Le degré de contrôle

[29]     Le travailleur Laverdière devait se rapporter à la superviseure, madame Carmen Vaillancourt, et celle-ci lui indiquait les lieux et son horaire de travail.

[30]     Selon le formulaire préparé par l'appelante (pièce I-3), le travailleur faisait partie de l'équipe de Carmen Vaillancourt et cette dernière communiquait avec lui une fois par jour ou aux deux jours.

[31]     Sur ce formulaire, le travailleur indiquait le lieu de travail, le nom des clients et les heures travaillées à un taux établi par l'appelante.

[32]     S'ils avaient des plaintes, les clients de l'appelante les adressaient à madame Carmen Vaillancourt et celle-ci communiquait avec le travailleur pour remédier aux problèmes sur le formulaire (pièce I-3), une case était réservée pour permettre à l'appelante d'y formuler des commentaires sur la performance du travailleur.

[33]     Selon les faits précités, il existait suffisamment de contrôle sur le travail de Serge Laverdière pour qu'il soit considéré comme un employé.

Propriété des outils

[34]     La direction de l'entreprise a admis que l'équipement appartenait à l'appelante. Les lieux de travail étaient déterminés par la superviseure Carmen Vaillancourt; selon cet élément l'appelante et le travailleur étaient liés par un contrat de louage de services.

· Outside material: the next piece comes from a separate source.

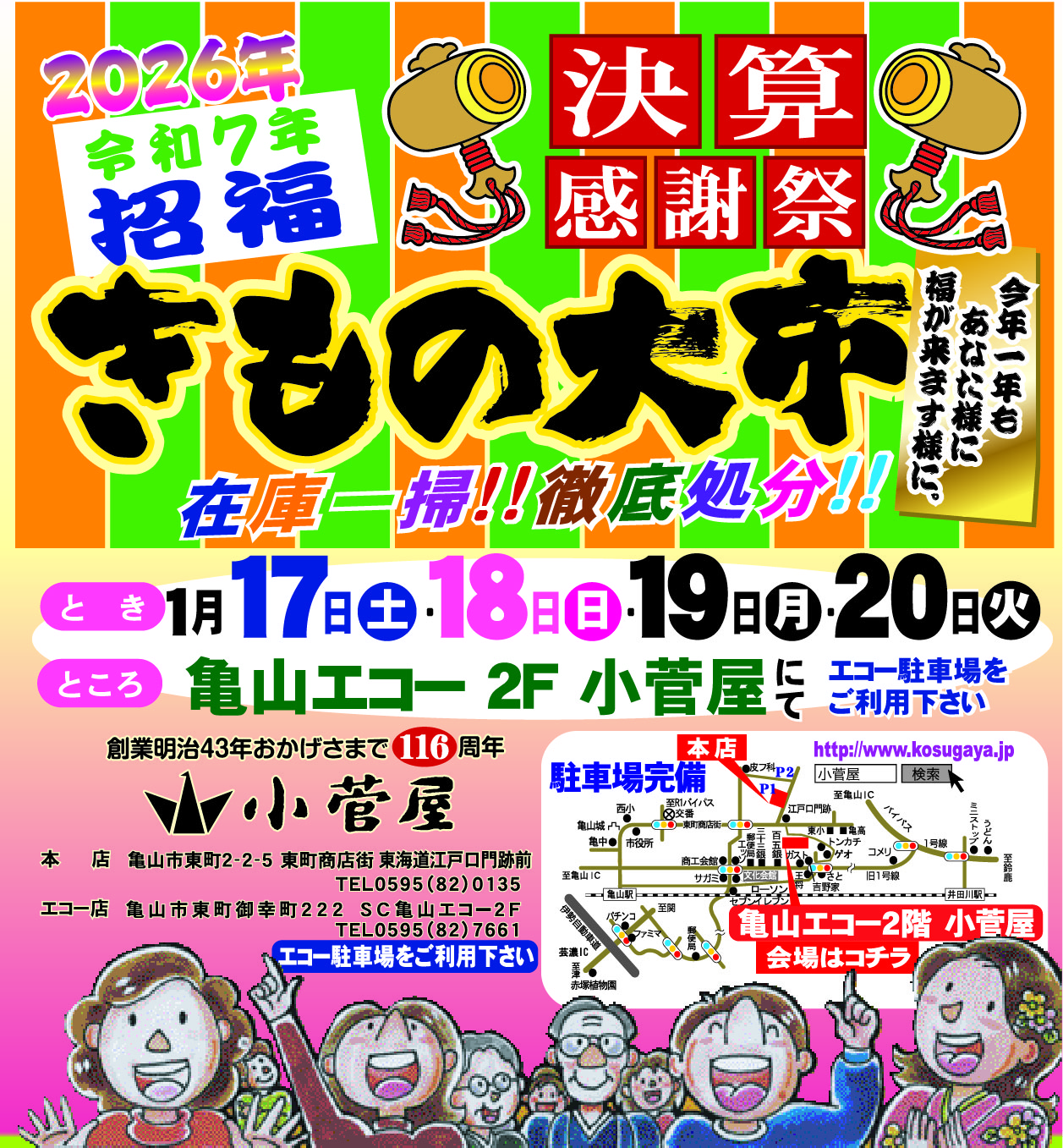 また年明けは1月17日(土)から「決算感謝祭 きもの大市」を開催いたします。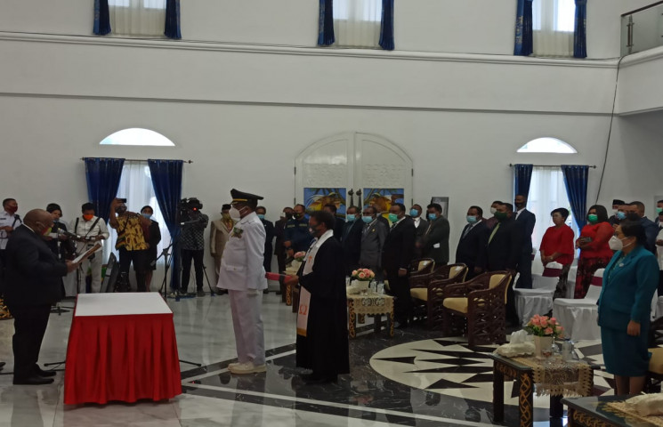 Wakil Gubernur Papua Klemen Tinal resmi melantik Leonard j. Sawerdani sebagai Wakil Bupati Sarmi, Rabu (21/10/2020) di Gedung Negara Dok V Atas Jayapura, dengan sisa masa jabatan selama dua tahun.

Risques de perte ou chances de profit

[35]     Le travailleur était rémunéré à commission dont le taux était déterminé par l'appelante. Le travailleur n'avait qu'à remplir le formulaire préparé par l'appelante en indiquant ses heures de travail. Le travailleur était payé à toutes les semaines par dépôt direct; donc le travailleur n'avait aucune chance de profit ni risque de perte. De fait l'appelante a payé les heures travaillées (pièce I-2). Donc les parties étaient liées par un contrat de louage de services.

L'intégration

[36]     Le travailleur faisait partie des opérations de l'entreprise. Les clients étaient ceux de l'appelante et non ceux du travailleur. Dans le communiqué préparé par l'appelante (pièce I-1), cette dernière définit les critères pour effectuer les tâches. Selon cet élément, il faut donc conclure que le travailleur était intégré dans les opérations de l'entreprise.

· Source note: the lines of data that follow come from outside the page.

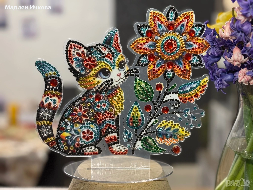 Продавам уникален, ръчно изработен диамантен гоблен с формата на приказно коте и цвете. За разлика от традиционните гоблени за стена, този модел е монтиран на стабилна прозрачна акрилна стойка, което го прави идеален за декорация на мебели.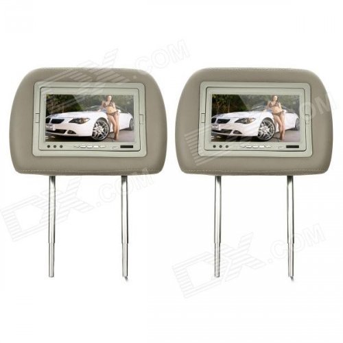 7" LCD Screen Car Headrest Monitor w/ Remote Controller / AV-IN - Grey (2 PCS)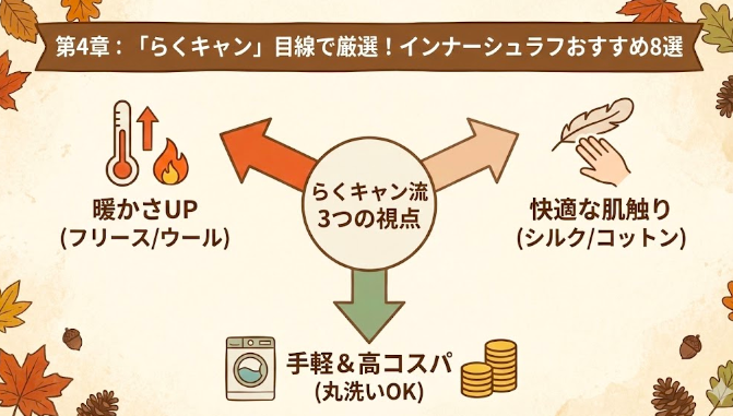 お待たせしました!「暖かさ」「肌触り」「コスパ(らくキャン度)」の3つの視点で、私が自信を持っておすすめする8モデルを厳選しました。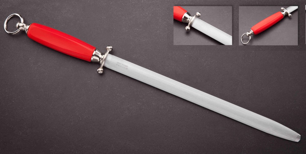 La gama más completa de aceros y el mejor precio para mantener su cuchillo. Tan importante para el cuidado de su herramienta como la propia calidad del mismo. El uso adecuado del estriado, sumado a la calidad del acero de SOLINGEN garantizan una mayor durabilidad de sus cuchillos así como un mayor rendimiento. Longitud 31 cm, con estriado fino. Mango rojo c/protección roscado.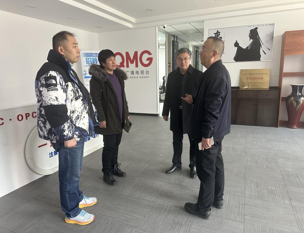 学院一行首先抵达青岛广电传媒电子商务有限公司,公司总经理马永臣热情接待走访团队,并陪同开展座谈交流。该企业依托青岛广电优质官方媒体资源,紧跟数字经济与媒体融合发展浪潮,重点布局AIGC应用、AI短剧创作等新兴业务板块,是区域内深耕传媒数字化转型的标杆企业,与学院影视专业发展方向高度契合。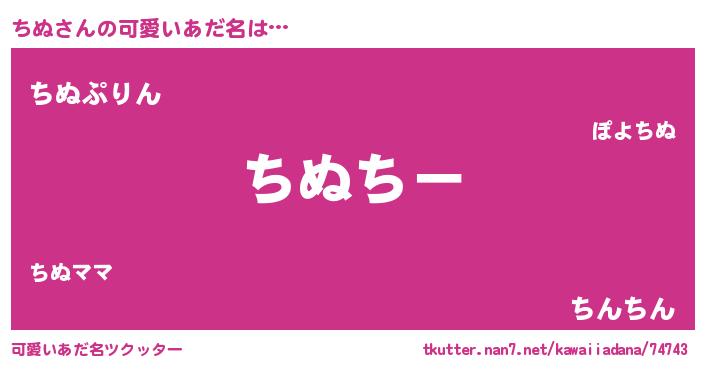 | 女子向けラノベタイトル風あだ名 | 『ちぬ伯爵の花嫁』『ちぬの玉の輿計画!』 |

[37]     Dans la cause sous étude, l'entreprise appartenait à l'appelante; ses opérations étaient gérées par la directrice et appuyées par la superviseure madame Carmen Vaillancourt qui avait formé une équipe dans la région de Québec.

[38]     Le travailleur était en contact constant avec madame Vaillancourt à partir des lieux de travail désignés par celle-ci. Le travailleur était contrôlé par l'appelante et était intégré dans les opérations de celle-ci.

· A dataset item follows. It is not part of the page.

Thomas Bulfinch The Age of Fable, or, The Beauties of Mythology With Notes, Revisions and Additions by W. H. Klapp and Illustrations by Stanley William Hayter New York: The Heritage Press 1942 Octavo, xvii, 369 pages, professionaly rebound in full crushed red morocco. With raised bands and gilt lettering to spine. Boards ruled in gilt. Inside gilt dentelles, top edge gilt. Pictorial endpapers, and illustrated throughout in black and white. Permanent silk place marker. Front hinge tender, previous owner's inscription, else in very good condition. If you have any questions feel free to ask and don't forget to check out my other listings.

[39]     Pour les raisons précitées, selon l'ensemble de la preuve, le travailleur occupait un emploi assurable au sens de la Loi sur l'assurance-emploi pendant la période en litige puisque lui et l'appelante étaient liés par un contrat de louage de services.

[40]     L'appel est rejeté.

Signé à Ottawa, Canada, ce 25e jour de juin 2003.

« J.F. Somers »

J.S.C.C.I.

Jurisprudence consultée

671122 Ontario Ltd. c. Sagaz Industries Canada Inc., [2001] 2 R.C.S. 983

Wiebe Door Services Ltd. c. Canada (ministre du Revenu national - M.R.N.), [1986] 3 C.F. 553

M.R.N. et Emily Standing, CAF A-857-90, (non publiée en français)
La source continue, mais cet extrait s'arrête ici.